Dollar, Yen Rise as Stock Markets Extend Drop in Asian Trade
Key Overnight Developments
The Euro and the British Pound slid 0.1 and 0.3 percent respectively against the US Dollar as Asian stock exchanges followed Wall St lower, boosting safety demand for the greenback. We remain short EURUSD at 1.4881.
Asia Session Highlights
Australian Consumer Confidence dropped 7 percent in May – the most in 19 months – according to a report from the Westpac Banking Corp amid a sharp deterioration in survey respondents’ medium- and long-term outlook for economic growth. Westpac chief economist Bill Evans chalked up the outcome to the central bank’s interest rate hikes and the “re-emergence of global economic nervousness,” a reference to the EU sovereign debt crisis. Australian Dollar dropped to the lowest level since September 2009 after the data crossed the wires amid expectations that the outcome would lead the Reserve Bank of Australia to scale back monetary tightening after adding 1.5 percent to benchmark borrowing costs since October of last year. Indeed, a Credit Suisse gauge of priced-in policy expectations showed traders pared down their 12-month rate hike outlook by a whopping 16bps from yesterday.
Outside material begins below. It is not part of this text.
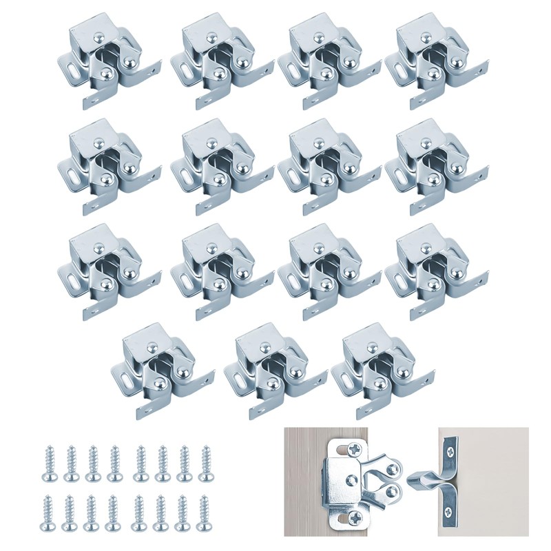15 pcs Double Roller Catches for Cupboards, Cupboard Door Catches and Latches with Screws, Door Catches for Internal Doors Metal Cabinet Catches and Latches for Bookcase, Cabinet, Cupboard, Wardrobe

Euro Session: What to Expect
Minutes from the June policy meeting of the Bank of England headline the economic calendar in European hours. On balance, the outcome is unlikely to reveal much that has not already found its way into the exchange rate. Indeed, the near-term policy landscape was broadly revealed with last week’s publication of the Quarterly Inflation Report, with the bank again chalking up the recent upswing in inflation to temporary factors and arguing that currently policy will be sufficient to bring prices back toward the 2 percent target level over the medium term. The BOE also stressed the need to rein in public finances, but little on that front will be concrete until the new government announces an emergency budget in June. This puts monetary policy in neutral, with Governor Mervyn King alluding to as much just yesterday, saying the bank was “ready expand or reduce the extent of monetary stimulus as needed”.